L’esplosione della pandemia travolge il protagonista e lo trascina in una serie di eventi che culmineranno, per lui, nel più grande dei drammi, la perdita di una figlia.
A distanza di anni egli è divenuto un uomo arido che sopravvive all’interno di quella che è una società che cerca, senza successo, di ricostruirsi e di ritrovare l’ordine, ma una missione assegnatagli da alcuni suoi collaboratori, una missione di trasporto e scorta all’apparenza standard, si rivelerà un’esperienza che lo trascinerà in un profondo percorso interiore che rimetterà in discussione tutte le sue convinzioni e la sua etica. La ragazzina che si trova a scortare durante un lungo viaggio è, in realtà, l’unico essere umano immune al virus, la destinazione è uno dei pochi ospedali ancora in attività dove, attraverso la ragazzina, gli scienziati contano di riuscire a sintetizzare un vaccino efficace contro il virus. Dopo innumerevoli disavventure che mettono a dura prova il rapporto tra i protagonisti, fino a far nascere un rapporto di forte affetto alla stregua di padre/figlia, quando Joel si rende conto che, quasi sicuramente, l’operazione si rivelerà mortale per la ragazza ed il risultato finale non è neanche garantito, dopo aver assistito al livello di crudeltà cui gli umani possono arrivare nelle situazioni più drammatiche, decide di salvare la ragazza ignorando la possibilità di sconfiggere il virus e far ripartire la società, prendendosi carico di una decisione eticamente durissima, al punto di non riuscire a dire ad Ellie tutta la verità.

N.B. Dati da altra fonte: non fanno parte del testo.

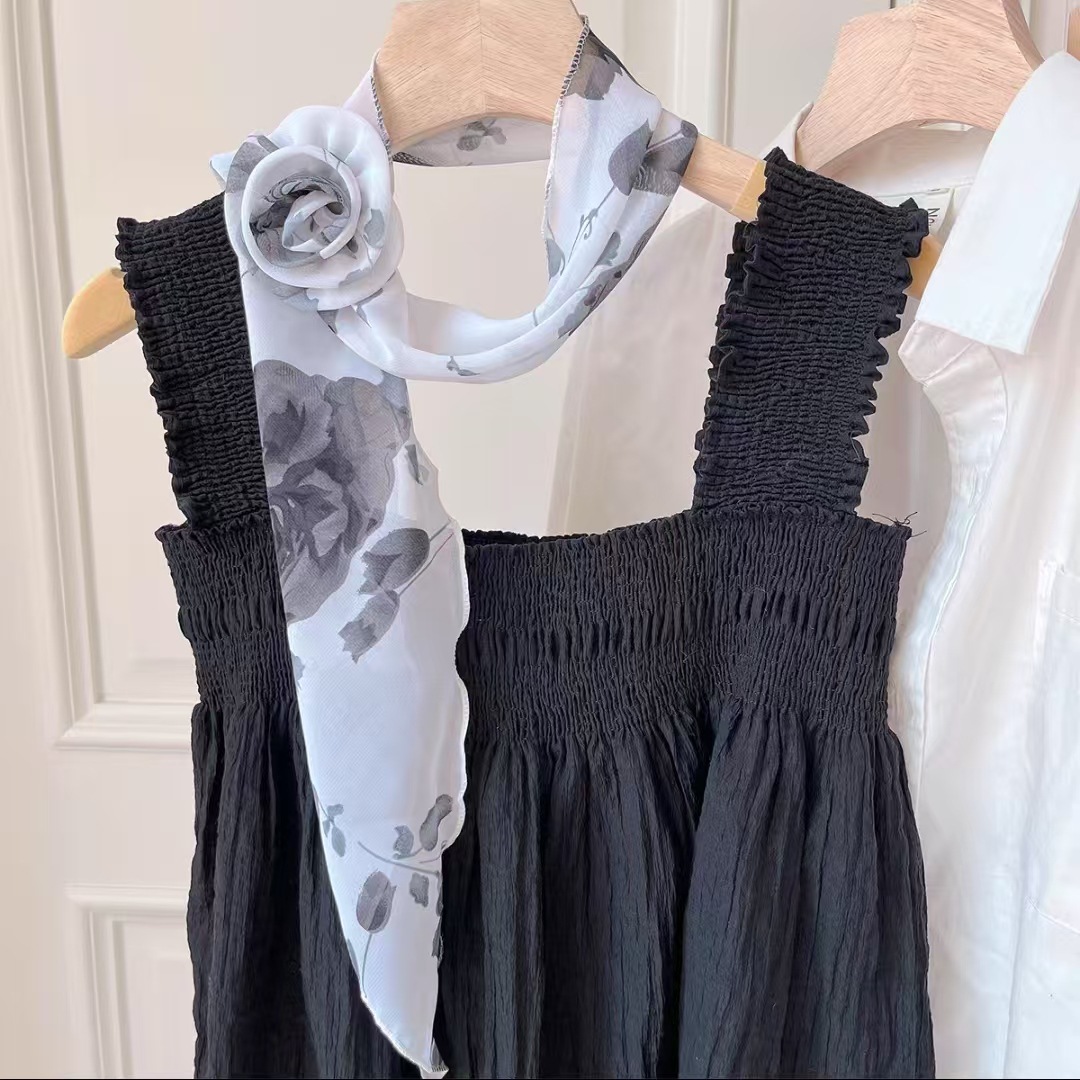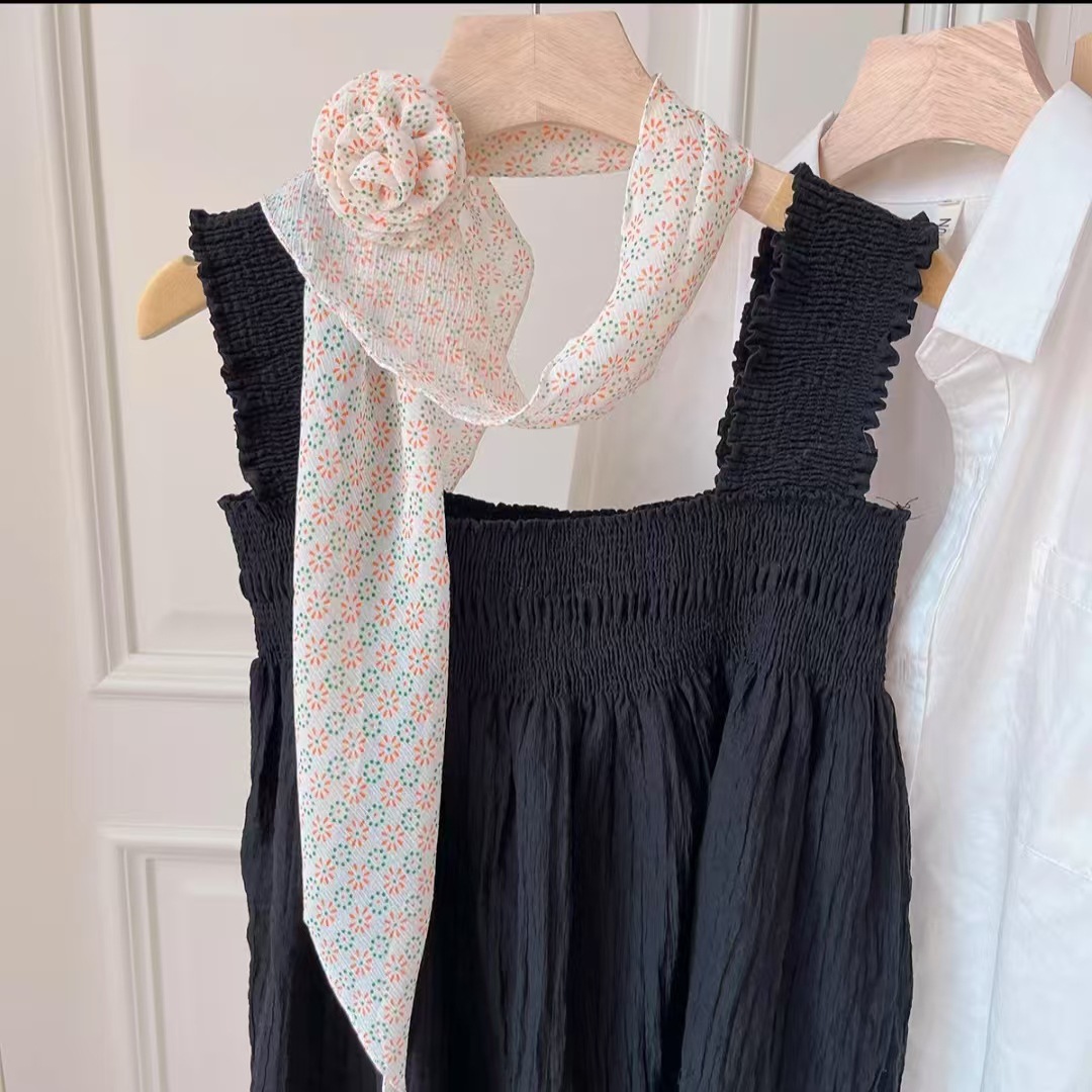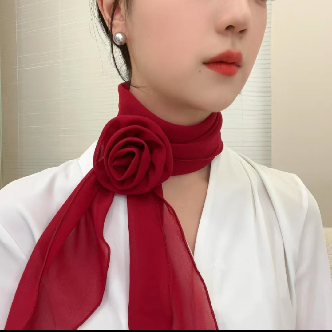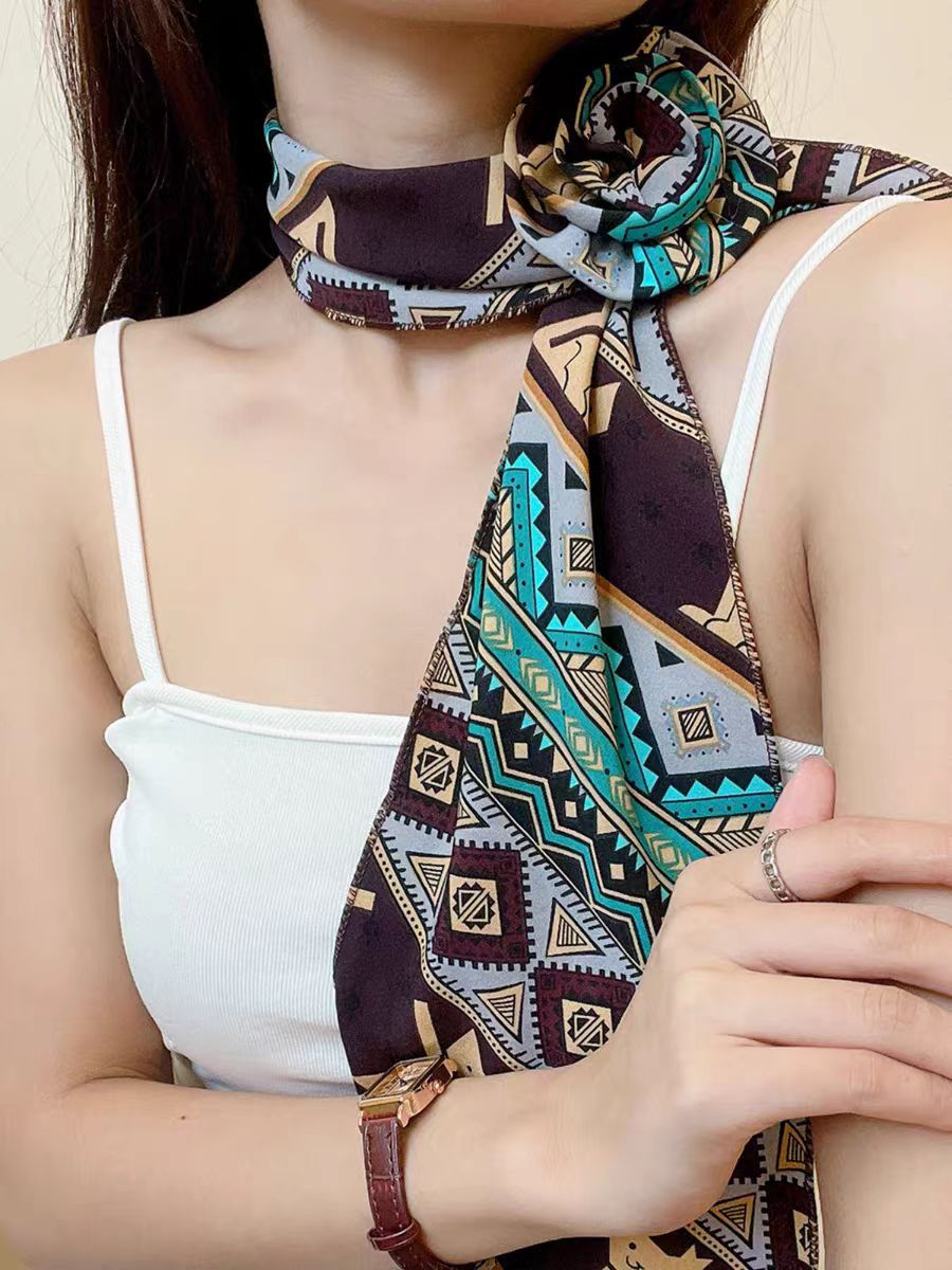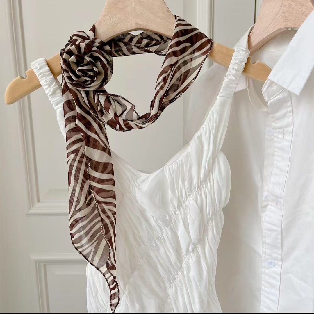 새로운 도착 올매치 패션 스카프 선스크린 여성 스카프 얇은 우아한 리본 꽃 실크 스카프 헤어 밴드 패션 폴로 닷스토어 가기

| Il primo incontro tra i protagonisti Joel (a sinistra) ed Ellie (a destra) |
Potremmo portare numerosi altri esempi, ma rischieremmo di annoiare, le vicende descritte sopra sono più che sufficienti a raggiungere l’obiettivo di evidenziare la profondità e varietà narrativa che un videogioco può raggiungere, per aiutare le persone che hanno un approccio superficiale al videogioco stesso e lo ritengono, come scritto sopra, un intrattenimento specificamente “puerile” a capire che la situazione è completamente diversa dal loro percepito. In questo momento un videogioco è un’opera non inferiore, anzi spesso superiore alle proiezioni cinematografiche ed alle serie TV, in termini di regia, script, fotografia etc.
Può essere sufficiente ripercorrere le emozioni e la possibile immedesimazione che ogni lettore ha sperimentato leggendo delle vicende dei protagonisti.
la speranza è che queste parole possano essere d’aiuto per le persone per aprire la mente e comprendere la reale dimensione del videogioco nell’era moderna.